Marathi actor to open centre for special children

Published: Dec 17, 2011, 06:54 IST | Rinkita Gurav |

BMC allots structure in Andheri to Ajinkya Deo for institute to treat brain disorder; centre to use procedures adopted in US but at fraction of the cost

BMC allots structure in Andheri to Ajinkya Deo for institute to treat brain disorder; centre to use procedures adopted in US but at fraction of the cost

The past few months have been anxious for Marathi actor Ajinkya Deo. But his dream has been fulfilled.
Deo wanted to start an institute for children suffering from brain disorder, deprived of a proper treatment in the country.

The municipal corporation welfare centre at Veera Desai road will now house the centre for special children started by Marathi actor Ajinkya Deo

And now, the civic body has leased out one of its structures in Andheri (West) for the purpose and will pass the resolution in a meeting today.

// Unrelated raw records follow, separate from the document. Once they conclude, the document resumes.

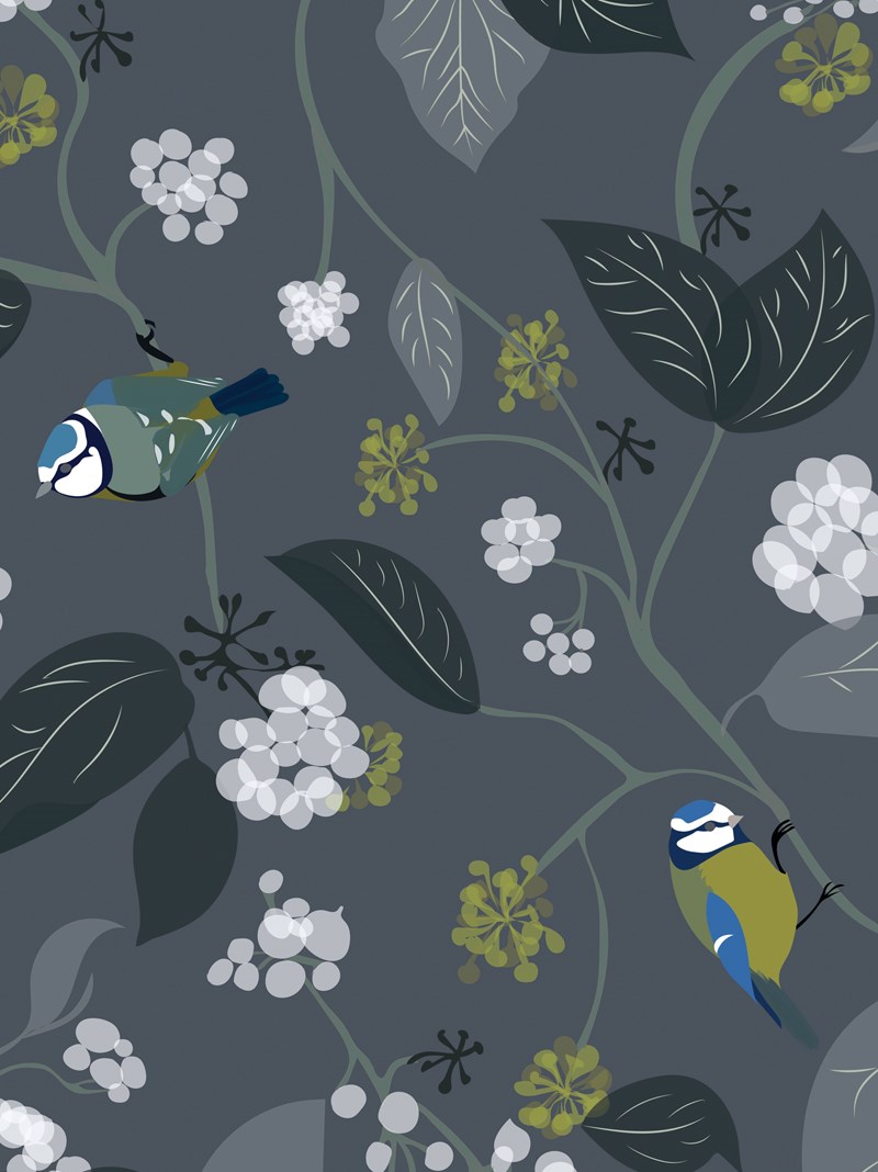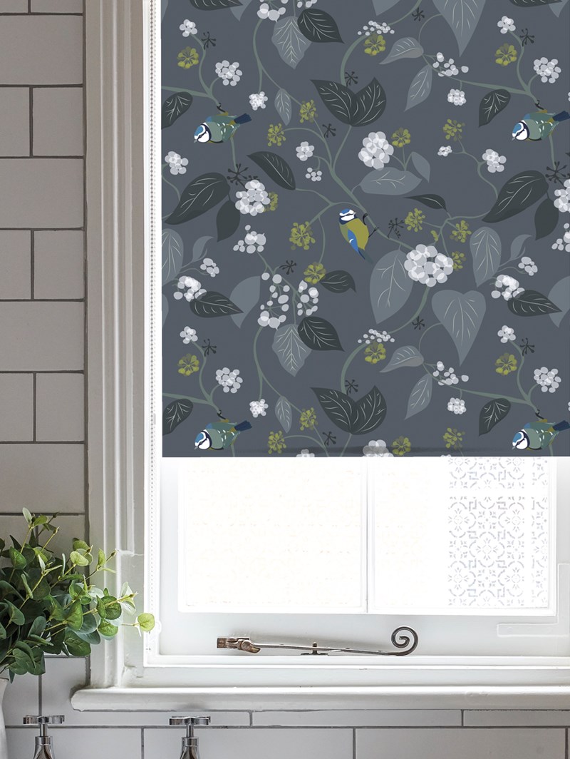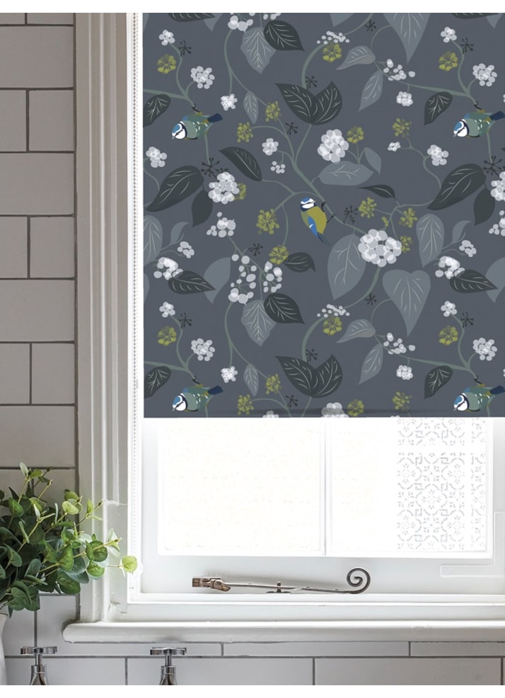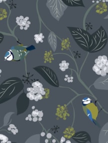 One of our favourite designs, the dramatic graphite greys, bold teals and chartreuse greens create a dramatic effect softened by the print of climbing florals and cheeky berry thieving blue tits. This really is a stunning and eye catching choice.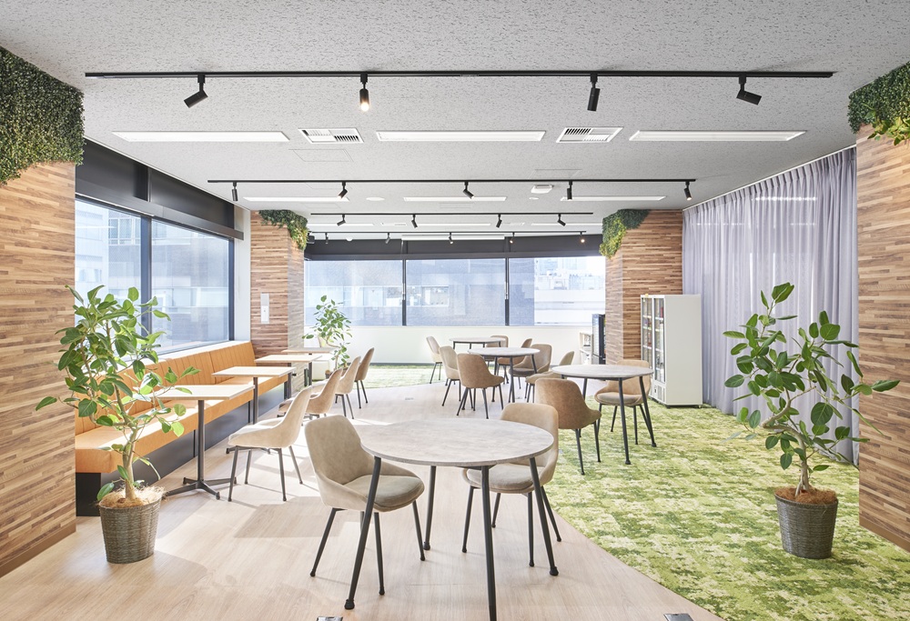 - 広い窓を活かした、カフェ風デザインのリフレッシュ兼ミーティングスペース事例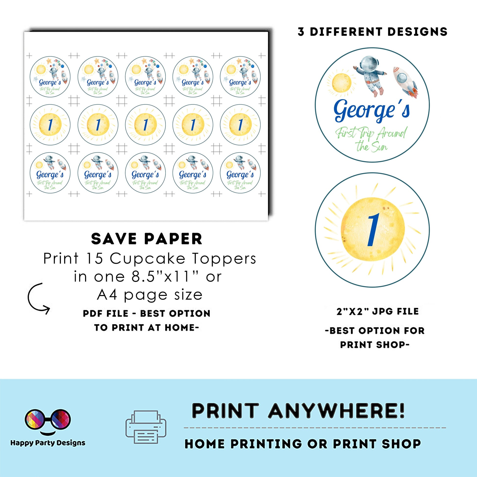Editable First Trip Around the Sun cupcake toppers | Outer Space birthday | Astronaut Birthday Party | Outer Space stickers #K5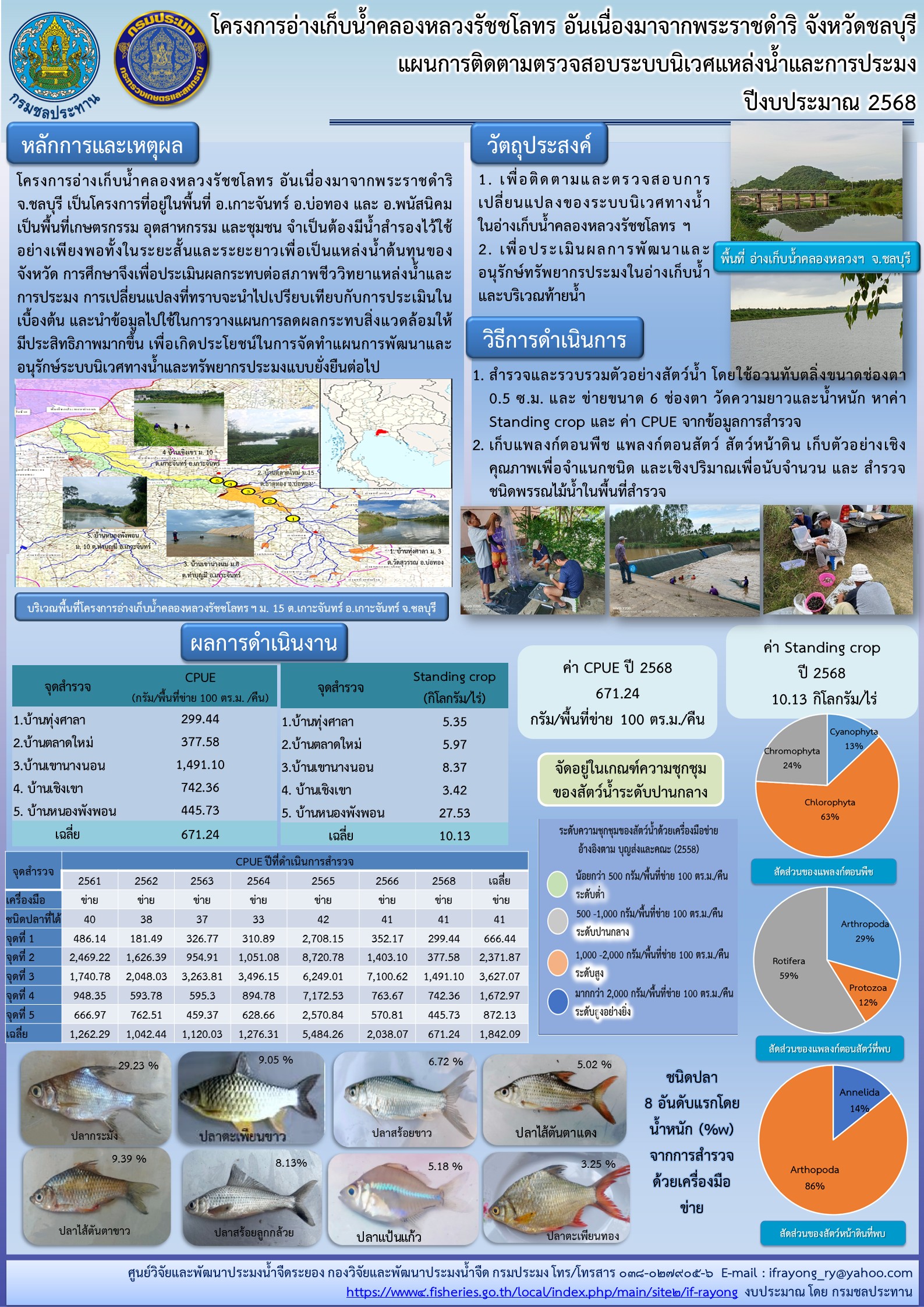 สรุปโครงการอ่างเก็บน้ำคลองหลวงรัชชโลธร อันเนื่องมาจากพระราชดำริ จังหวัดชลบุรี แผนการติดตามตรวจสอบระบบนิเวศแหล่งน้ำและการประมง ปีงบประมาณ 2568

The actor had approached the civic authority, asking it to grant him a place in the suburbs to build a school for children diagnosed with the disorder after seeing an improvement in his 14-year-old daughter Tanaya, who was diagnosed with a brain disorder called global development delay.
"The municipal commissioner has sanctioned the proposal and we are waiting for the official letter to come in hand," said Ajinkya Deo.

Asserting the same, Rahul Shewale, BMC's standing committee chairman, said, "The commissioner sanctioned the proposal last month. The resolution will be passed in the group leaders meeting today. There shouldn't be any hurdles, as it's for a social cause and we would inaugurate the work as soon as possible."

Ajinkya Deo

Deo, through his institute, intends to impart training to parents to deal with their child's disorder. Similarly, plans to conduct special workshops by initiating certain exercises that would stimulate the child's brain are on the cards.

After learning that his daughter's condition a brain disorder affecting the senses in the human body needs a certain form of training and care, the Deo family visited an institution for special children in America. After returning from there, they felt the desire to help other parents who are deprived of the facilities in the city.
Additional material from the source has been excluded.